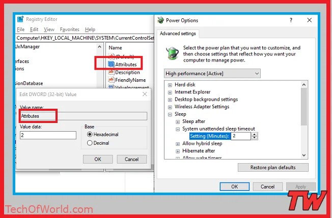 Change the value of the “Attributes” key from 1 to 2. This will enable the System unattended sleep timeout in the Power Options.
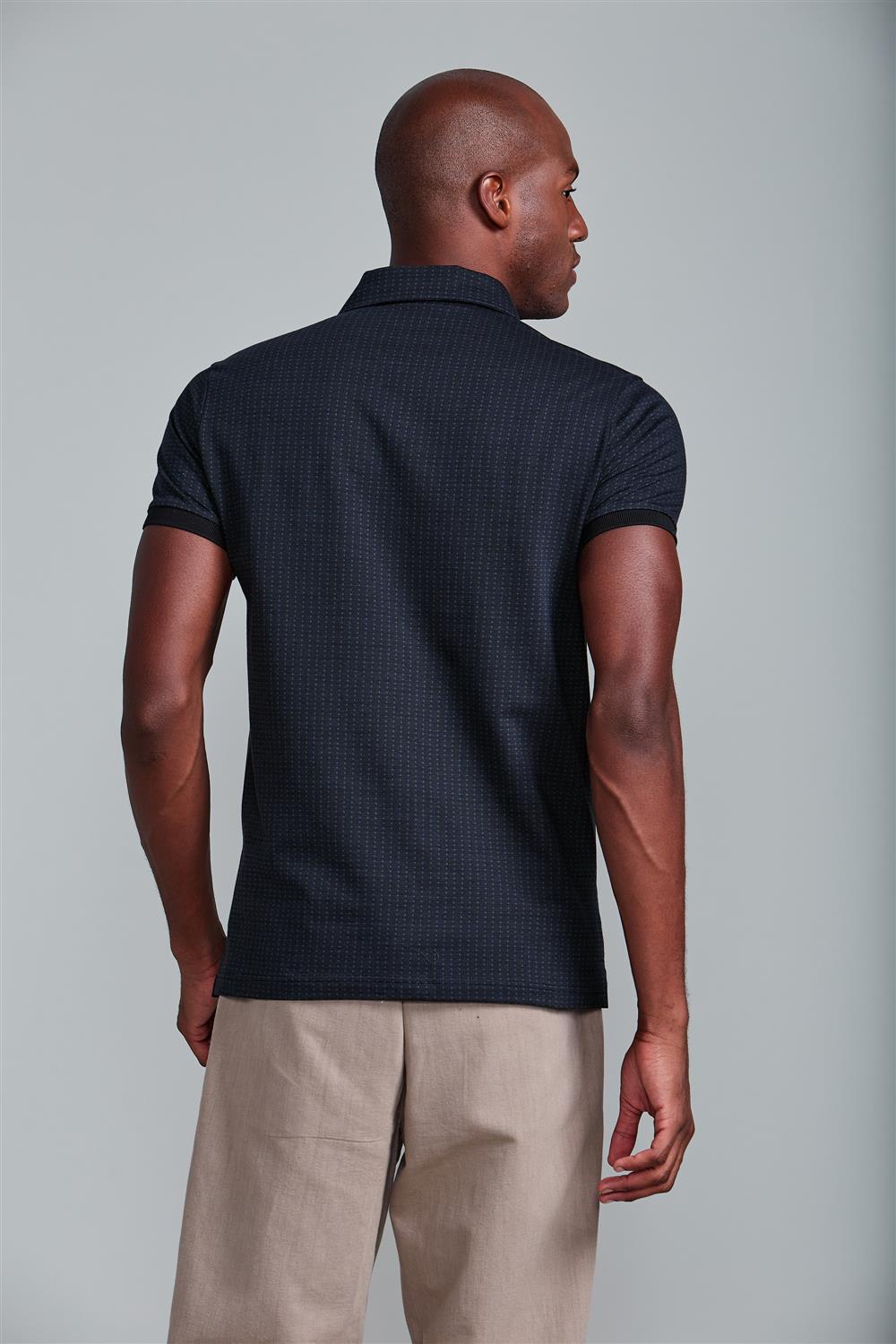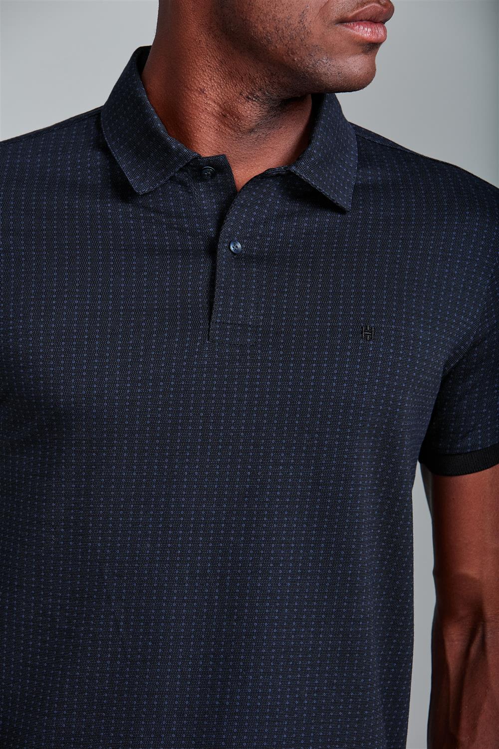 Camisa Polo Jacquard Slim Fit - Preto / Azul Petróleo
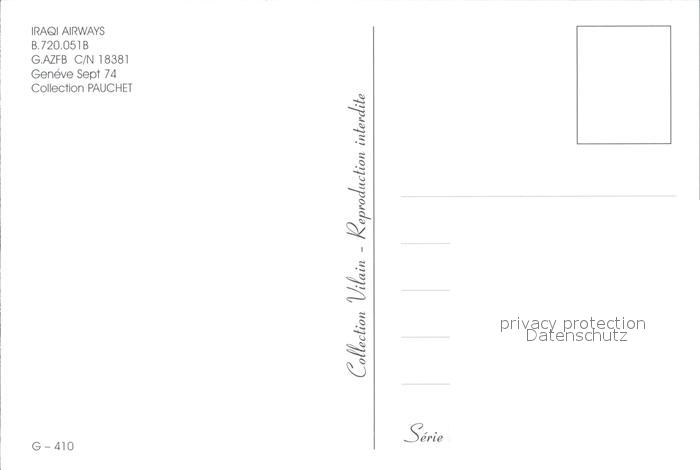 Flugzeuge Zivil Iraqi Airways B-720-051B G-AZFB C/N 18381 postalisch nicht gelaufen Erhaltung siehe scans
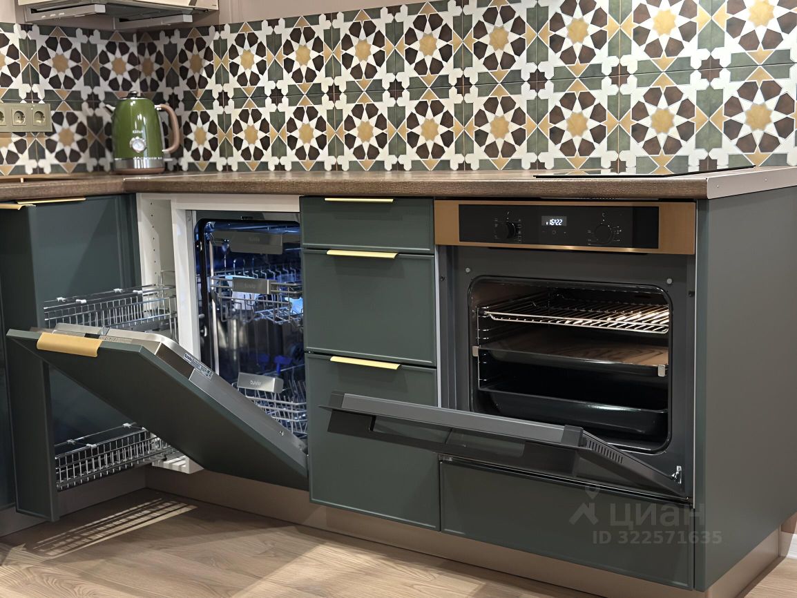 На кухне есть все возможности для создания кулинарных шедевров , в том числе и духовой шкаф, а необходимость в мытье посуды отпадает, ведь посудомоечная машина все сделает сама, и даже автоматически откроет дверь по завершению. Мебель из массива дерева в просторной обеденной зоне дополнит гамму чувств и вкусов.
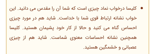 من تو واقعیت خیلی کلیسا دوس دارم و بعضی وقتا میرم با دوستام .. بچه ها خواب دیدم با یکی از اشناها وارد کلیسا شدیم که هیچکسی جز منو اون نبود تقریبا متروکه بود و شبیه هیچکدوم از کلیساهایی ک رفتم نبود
+--
EXERCISE OBJECTIVE: Copy verbatim the span that begins at the line containing "Flugzeuge Zivil Iraqi" and ends at the last line of the material, inclusive of both; exclude pictures.

EXERCISE OUTPUT:
 Flugzeuge Zivil Iraqi Airways B-720-051B G-AZFB C/N 18381 postalisch nicht gelaufen Erhaltung siehe scans
 На кухне есть все возможности для создания кулинарных шедевров , в том числе и духовой шкаф, а необходимость в мытье посуды отпадает, ведь посудомоечная машина все сделает сама, и даже автоматически откроет дверь по завершению. Мебель из массива дерева в просторной обеденной зоне дополнит гамму чувств и вкусов.
 من تو واقعیت خیلی کلیسا دوس دارم و بعضی وقتا میرم با دوستام .. بچه ها خواب دیدم با یکی از اشناها وارد کلیسا شدیم که هیچکسی جز منو اون نبود تقریبا متروکه بود و شبیه هیچکدوم از کلیساهایی ک رفتم نبود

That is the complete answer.